▶ _Exercise objective_
For the word "popular", count the lines of the records that hold it, and give only that number.
==============================
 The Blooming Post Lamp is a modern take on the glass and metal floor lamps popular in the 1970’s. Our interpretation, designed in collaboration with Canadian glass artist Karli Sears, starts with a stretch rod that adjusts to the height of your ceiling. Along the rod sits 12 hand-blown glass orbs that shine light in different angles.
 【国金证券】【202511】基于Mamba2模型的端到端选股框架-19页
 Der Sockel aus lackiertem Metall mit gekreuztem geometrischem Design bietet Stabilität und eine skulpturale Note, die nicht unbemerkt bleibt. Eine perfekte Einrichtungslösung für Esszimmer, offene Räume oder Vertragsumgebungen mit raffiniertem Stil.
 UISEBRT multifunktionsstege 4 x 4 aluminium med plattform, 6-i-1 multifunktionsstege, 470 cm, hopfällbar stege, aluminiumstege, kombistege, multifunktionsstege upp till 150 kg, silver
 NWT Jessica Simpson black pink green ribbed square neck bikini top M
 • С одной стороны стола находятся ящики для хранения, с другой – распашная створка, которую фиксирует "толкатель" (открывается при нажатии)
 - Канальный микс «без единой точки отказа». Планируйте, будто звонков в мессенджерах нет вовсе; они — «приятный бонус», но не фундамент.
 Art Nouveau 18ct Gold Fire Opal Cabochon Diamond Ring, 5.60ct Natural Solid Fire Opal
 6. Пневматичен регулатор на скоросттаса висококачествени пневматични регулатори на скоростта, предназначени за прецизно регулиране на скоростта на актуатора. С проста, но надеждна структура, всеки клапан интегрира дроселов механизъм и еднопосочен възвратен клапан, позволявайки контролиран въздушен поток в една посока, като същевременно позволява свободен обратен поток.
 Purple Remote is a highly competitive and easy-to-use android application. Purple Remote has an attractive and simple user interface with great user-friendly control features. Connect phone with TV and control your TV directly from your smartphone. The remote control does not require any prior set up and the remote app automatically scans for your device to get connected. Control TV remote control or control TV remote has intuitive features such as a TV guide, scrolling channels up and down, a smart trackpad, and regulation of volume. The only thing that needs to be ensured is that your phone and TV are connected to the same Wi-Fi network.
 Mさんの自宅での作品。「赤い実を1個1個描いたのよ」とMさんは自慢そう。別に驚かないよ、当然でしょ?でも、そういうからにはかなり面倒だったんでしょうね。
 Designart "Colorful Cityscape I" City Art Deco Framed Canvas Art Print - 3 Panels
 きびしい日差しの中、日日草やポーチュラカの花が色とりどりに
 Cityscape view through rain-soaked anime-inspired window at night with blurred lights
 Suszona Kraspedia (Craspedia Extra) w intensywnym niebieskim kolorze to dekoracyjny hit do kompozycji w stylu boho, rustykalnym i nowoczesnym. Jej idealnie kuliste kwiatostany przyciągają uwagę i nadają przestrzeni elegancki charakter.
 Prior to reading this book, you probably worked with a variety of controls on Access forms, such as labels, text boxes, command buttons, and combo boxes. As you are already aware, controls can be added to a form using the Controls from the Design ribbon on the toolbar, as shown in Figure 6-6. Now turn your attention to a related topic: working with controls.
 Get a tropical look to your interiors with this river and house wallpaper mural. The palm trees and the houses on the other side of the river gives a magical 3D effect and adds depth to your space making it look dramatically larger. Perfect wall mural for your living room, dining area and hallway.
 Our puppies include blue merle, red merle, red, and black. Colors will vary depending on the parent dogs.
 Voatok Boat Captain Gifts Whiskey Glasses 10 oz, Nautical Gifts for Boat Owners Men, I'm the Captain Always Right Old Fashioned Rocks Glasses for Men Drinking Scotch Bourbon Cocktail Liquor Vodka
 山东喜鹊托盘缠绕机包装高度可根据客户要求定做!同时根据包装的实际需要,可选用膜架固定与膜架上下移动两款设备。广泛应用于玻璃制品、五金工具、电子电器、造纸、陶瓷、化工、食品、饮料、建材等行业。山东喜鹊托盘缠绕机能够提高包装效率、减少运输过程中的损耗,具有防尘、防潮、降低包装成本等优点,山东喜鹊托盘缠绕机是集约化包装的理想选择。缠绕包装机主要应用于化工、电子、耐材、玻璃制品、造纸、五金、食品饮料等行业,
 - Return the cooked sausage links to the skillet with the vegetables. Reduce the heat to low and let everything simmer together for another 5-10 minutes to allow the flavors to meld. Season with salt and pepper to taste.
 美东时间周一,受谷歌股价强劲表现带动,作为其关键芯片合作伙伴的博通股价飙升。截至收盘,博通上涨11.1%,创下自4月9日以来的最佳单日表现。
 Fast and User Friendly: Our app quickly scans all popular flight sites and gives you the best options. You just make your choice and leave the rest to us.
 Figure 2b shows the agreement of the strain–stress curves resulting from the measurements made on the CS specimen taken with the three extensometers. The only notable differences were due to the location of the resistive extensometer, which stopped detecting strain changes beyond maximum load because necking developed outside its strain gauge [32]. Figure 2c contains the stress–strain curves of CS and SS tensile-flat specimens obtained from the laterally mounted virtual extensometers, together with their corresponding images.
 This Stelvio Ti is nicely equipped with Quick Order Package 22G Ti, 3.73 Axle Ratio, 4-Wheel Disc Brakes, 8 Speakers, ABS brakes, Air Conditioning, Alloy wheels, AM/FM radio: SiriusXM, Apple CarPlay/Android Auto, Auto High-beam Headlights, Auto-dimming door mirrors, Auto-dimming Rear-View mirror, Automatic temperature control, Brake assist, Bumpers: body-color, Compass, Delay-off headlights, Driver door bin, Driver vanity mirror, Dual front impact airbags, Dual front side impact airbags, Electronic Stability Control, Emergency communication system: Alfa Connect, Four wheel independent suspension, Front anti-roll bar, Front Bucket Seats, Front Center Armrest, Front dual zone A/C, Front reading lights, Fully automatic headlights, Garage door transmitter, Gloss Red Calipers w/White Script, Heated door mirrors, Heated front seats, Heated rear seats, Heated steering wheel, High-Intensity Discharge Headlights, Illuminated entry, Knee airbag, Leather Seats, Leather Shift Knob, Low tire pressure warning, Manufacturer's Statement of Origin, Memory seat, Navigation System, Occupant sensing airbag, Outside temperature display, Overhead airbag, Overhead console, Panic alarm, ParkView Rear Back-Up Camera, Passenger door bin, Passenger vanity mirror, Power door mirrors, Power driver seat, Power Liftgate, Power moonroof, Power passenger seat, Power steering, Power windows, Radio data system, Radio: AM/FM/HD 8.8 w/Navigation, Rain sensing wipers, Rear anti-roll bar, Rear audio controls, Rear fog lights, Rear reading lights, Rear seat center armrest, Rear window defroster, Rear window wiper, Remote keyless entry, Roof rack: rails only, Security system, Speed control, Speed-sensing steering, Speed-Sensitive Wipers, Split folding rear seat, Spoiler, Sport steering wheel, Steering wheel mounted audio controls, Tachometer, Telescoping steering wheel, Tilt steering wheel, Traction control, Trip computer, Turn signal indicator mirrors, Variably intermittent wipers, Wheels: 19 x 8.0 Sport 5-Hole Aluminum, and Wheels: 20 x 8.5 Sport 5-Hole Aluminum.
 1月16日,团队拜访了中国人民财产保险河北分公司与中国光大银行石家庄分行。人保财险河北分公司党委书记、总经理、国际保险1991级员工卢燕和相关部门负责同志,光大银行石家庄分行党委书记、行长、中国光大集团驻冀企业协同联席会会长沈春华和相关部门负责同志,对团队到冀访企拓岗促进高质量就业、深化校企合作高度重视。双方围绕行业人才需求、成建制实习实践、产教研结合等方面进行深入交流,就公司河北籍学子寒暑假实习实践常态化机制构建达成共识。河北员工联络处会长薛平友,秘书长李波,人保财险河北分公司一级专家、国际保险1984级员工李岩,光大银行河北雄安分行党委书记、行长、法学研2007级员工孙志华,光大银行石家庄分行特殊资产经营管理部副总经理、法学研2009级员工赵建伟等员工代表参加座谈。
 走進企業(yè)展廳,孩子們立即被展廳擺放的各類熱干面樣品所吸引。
==============================
▶ _Response area_
2